About this exercise: Please transcribe exactly the lines from the first line of the records below through the line containing "Ihr Zuhause bereichern.", including both, and omit all pictures.

######

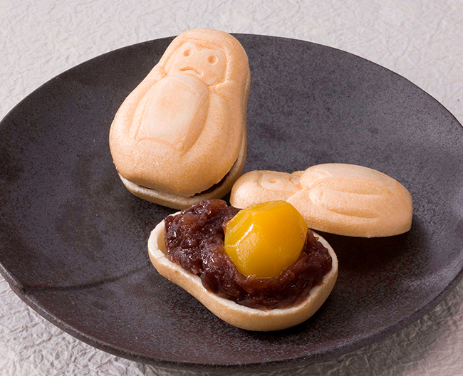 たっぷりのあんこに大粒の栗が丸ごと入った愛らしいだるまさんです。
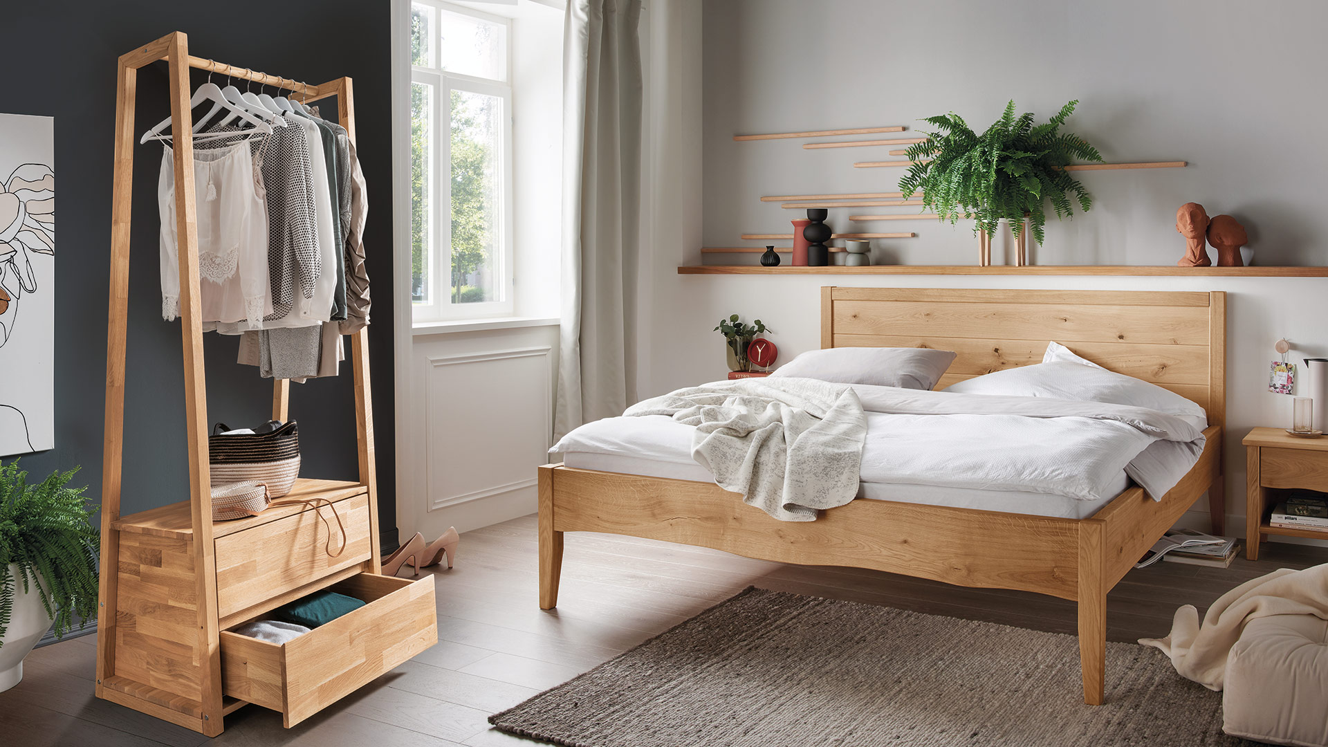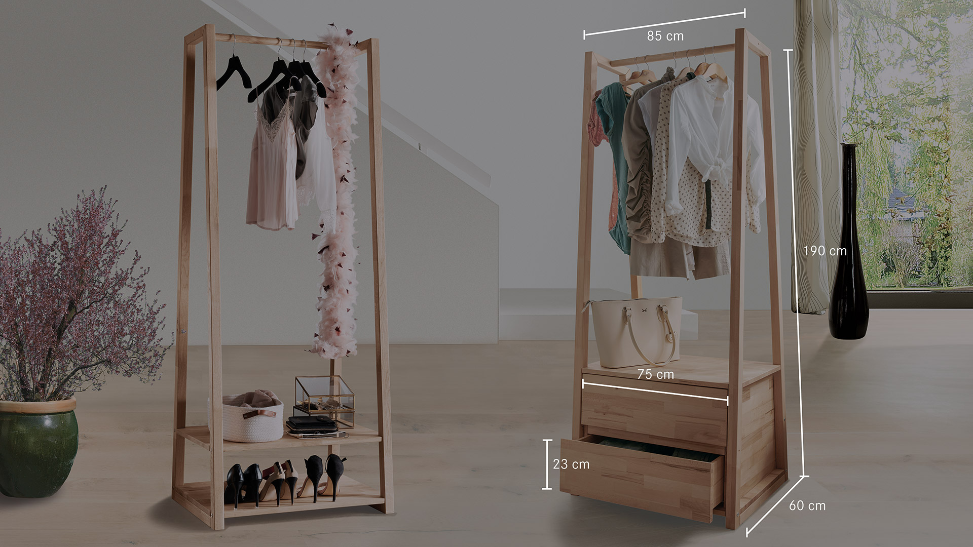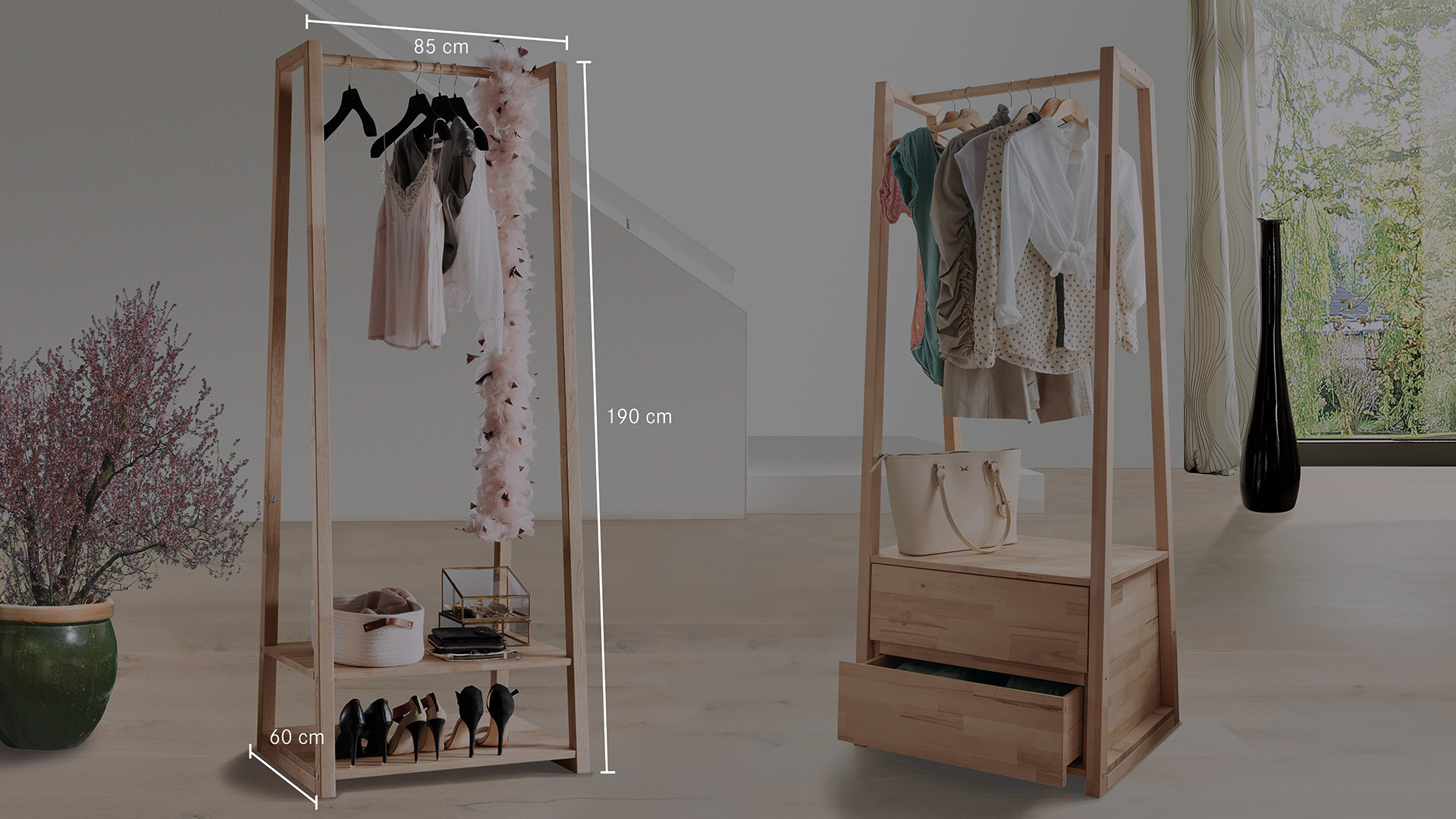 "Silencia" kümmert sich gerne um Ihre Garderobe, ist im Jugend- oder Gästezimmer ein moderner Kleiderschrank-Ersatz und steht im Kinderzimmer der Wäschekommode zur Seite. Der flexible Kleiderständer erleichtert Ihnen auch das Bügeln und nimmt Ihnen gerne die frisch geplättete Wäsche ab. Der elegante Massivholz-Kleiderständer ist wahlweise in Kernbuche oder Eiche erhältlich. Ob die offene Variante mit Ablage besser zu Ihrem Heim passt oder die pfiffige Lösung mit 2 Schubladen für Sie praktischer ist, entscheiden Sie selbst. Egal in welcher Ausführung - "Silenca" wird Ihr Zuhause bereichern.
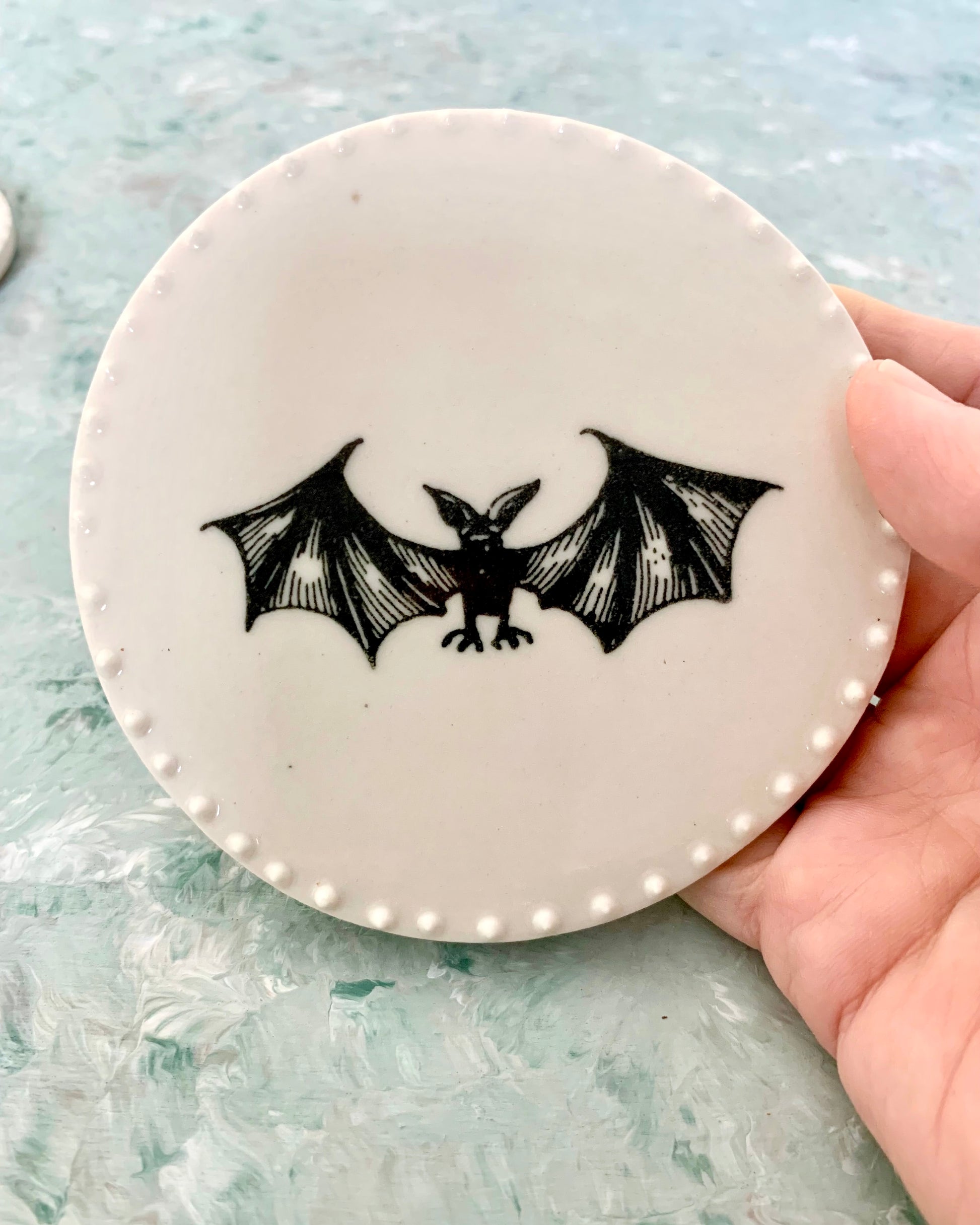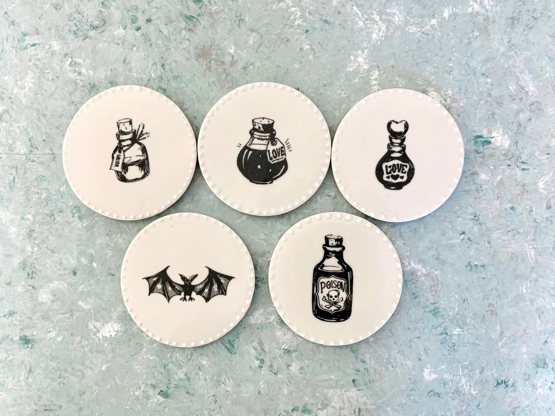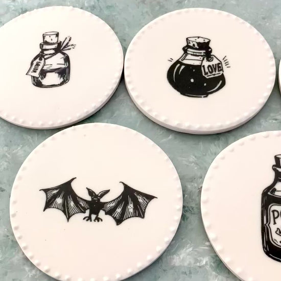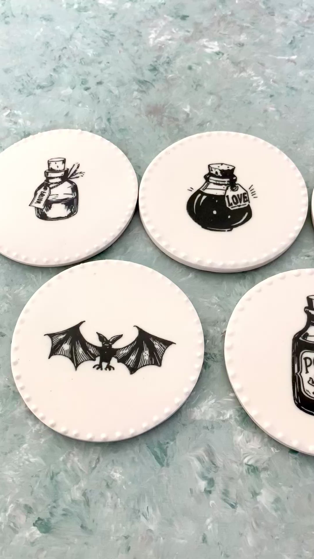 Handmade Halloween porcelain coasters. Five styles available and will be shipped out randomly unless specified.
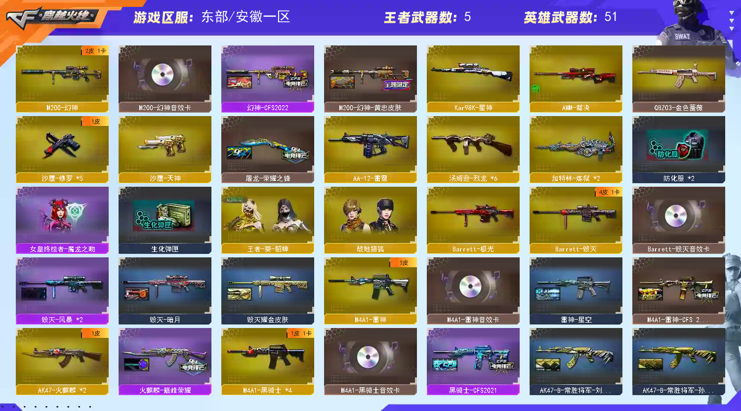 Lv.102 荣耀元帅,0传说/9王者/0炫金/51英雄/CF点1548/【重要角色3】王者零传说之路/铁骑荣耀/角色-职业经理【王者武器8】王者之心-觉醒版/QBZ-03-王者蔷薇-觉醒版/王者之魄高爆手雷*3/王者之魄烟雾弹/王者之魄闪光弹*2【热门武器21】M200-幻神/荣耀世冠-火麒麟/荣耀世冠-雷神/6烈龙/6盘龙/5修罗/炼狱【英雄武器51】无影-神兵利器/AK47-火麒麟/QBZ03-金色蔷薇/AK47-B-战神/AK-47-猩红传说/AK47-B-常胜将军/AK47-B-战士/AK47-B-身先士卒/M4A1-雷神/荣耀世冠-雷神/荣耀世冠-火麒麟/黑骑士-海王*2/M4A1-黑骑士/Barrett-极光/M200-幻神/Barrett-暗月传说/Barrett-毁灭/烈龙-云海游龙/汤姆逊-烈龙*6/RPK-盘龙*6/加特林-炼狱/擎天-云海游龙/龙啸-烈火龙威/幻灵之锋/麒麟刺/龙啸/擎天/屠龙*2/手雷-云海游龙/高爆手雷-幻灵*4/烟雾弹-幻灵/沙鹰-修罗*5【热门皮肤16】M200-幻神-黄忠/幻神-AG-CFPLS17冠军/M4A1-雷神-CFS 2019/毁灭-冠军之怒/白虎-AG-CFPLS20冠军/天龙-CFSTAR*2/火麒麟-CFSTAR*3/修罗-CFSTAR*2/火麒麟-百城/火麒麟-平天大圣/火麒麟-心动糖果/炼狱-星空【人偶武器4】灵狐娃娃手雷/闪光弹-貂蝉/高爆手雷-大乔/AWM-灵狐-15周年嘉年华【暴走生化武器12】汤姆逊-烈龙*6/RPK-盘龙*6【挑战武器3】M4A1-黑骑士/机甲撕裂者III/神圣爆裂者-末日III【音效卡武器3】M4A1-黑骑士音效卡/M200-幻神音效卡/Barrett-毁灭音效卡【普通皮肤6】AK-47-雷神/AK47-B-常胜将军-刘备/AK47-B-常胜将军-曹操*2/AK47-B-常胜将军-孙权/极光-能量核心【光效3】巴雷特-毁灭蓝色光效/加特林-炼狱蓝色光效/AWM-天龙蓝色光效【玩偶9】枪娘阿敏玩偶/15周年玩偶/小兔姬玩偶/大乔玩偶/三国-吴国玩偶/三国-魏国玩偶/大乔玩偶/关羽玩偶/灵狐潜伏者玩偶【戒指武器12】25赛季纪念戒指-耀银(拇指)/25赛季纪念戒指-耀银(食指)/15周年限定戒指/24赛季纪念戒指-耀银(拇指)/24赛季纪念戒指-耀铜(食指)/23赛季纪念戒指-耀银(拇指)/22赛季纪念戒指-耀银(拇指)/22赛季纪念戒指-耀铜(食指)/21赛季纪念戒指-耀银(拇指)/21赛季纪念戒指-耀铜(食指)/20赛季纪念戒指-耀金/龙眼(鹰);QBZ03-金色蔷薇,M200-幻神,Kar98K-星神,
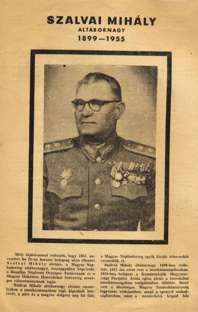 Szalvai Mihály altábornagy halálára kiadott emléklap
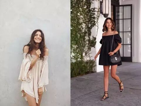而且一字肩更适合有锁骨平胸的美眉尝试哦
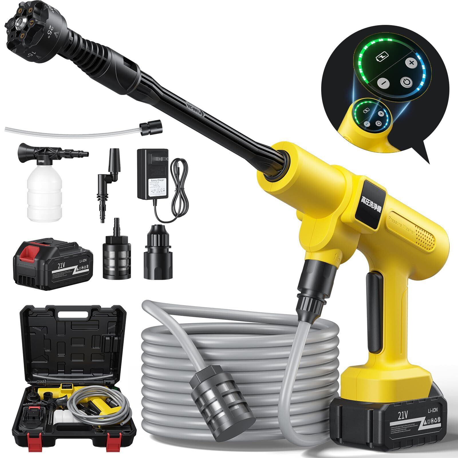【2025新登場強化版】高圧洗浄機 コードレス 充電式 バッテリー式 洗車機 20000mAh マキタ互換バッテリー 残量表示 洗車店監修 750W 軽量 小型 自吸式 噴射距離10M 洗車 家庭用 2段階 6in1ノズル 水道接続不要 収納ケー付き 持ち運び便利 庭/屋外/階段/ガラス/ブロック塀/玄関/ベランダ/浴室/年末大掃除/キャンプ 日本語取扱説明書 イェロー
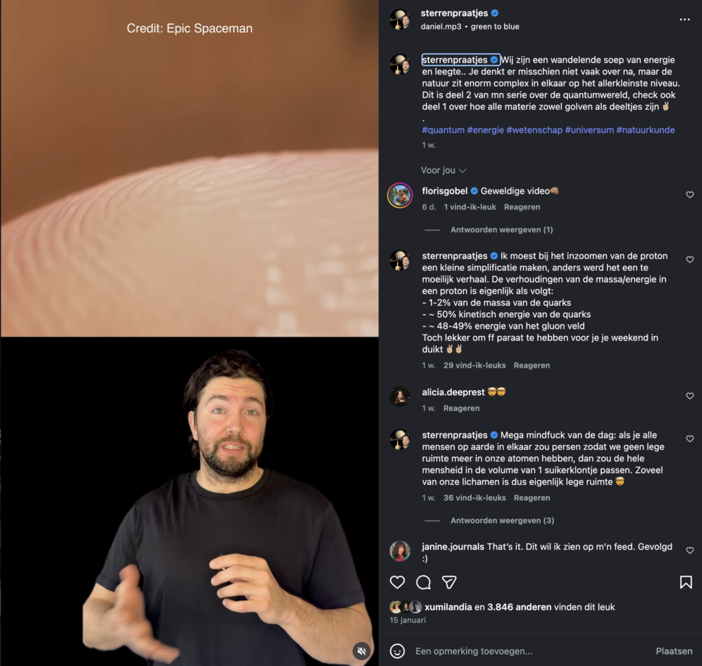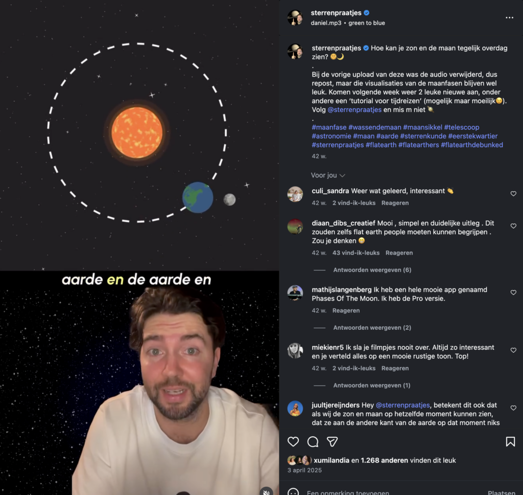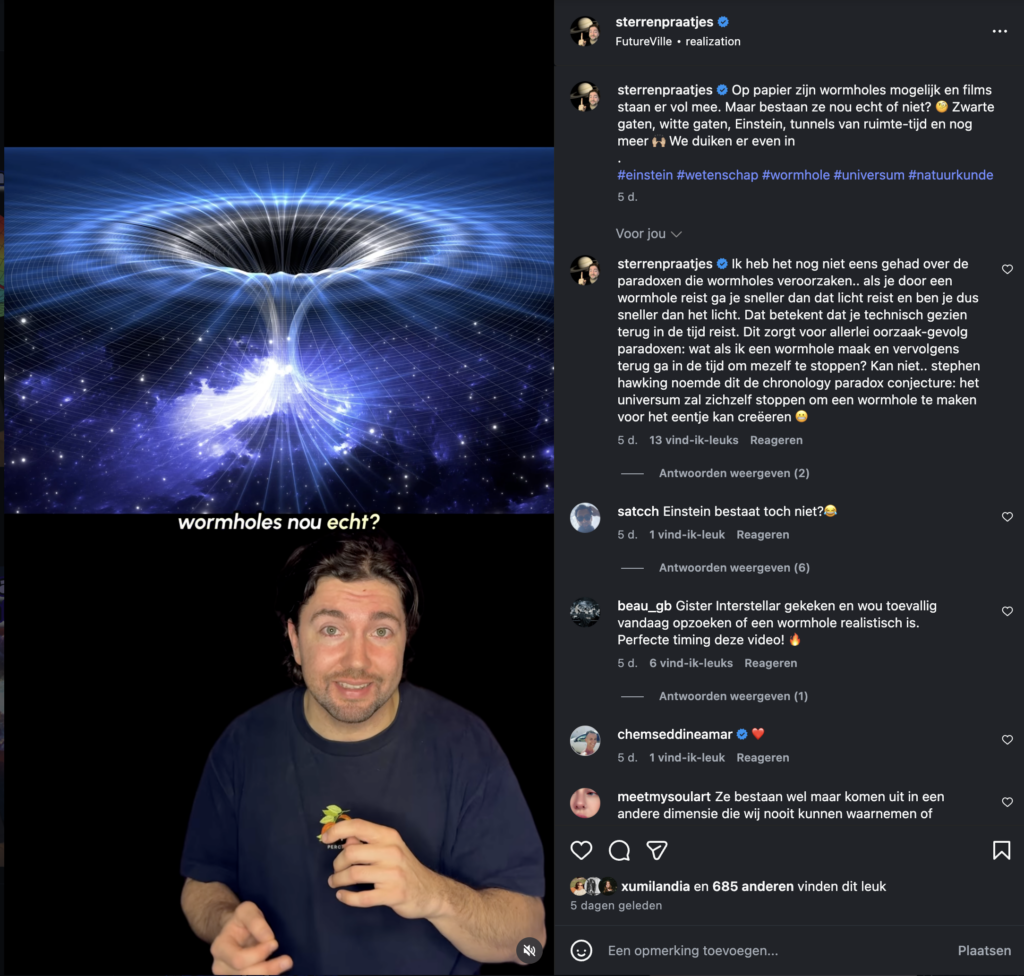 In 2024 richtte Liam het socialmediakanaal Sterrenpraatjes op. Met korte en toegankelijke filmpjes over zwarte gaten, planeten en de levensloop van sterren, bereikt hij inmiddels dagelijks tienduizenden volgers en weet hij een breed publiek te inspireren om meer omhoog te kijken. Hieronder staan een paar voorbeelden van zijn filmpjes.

######

Answer space:
 たっぷりのあんこに大粒の栗が丸ごと入った愛らしいだるまさんです。
 "Silencia" kümmert sich gerne um Ihre Garderobe, ist im Jugend- oder Gästezimmer ein moderner Kleiderschrank-Ersatz und steht im Kinderzimmer der Wäschekommode zur Seite. Der flexible Kleiderständer erleichtert Ihnen auch das Bügeln und nimmt Ihnen gerne die frisch geplättete Wäsche ab. Der elegante Massivholz-Kleiderständer ist wahlweise in Kernbuche oder Eiche erhältlich. Ob die offene Variante mit Ablage besser zu Ihrem Heim passt oder die pfiffige Lösung mit 2 Schubladen für Sie praktischer ist, entscheiden Sie selbst. Egal in welcher Ausführung - "Silenca" wird Ihr Zuhause bereichern.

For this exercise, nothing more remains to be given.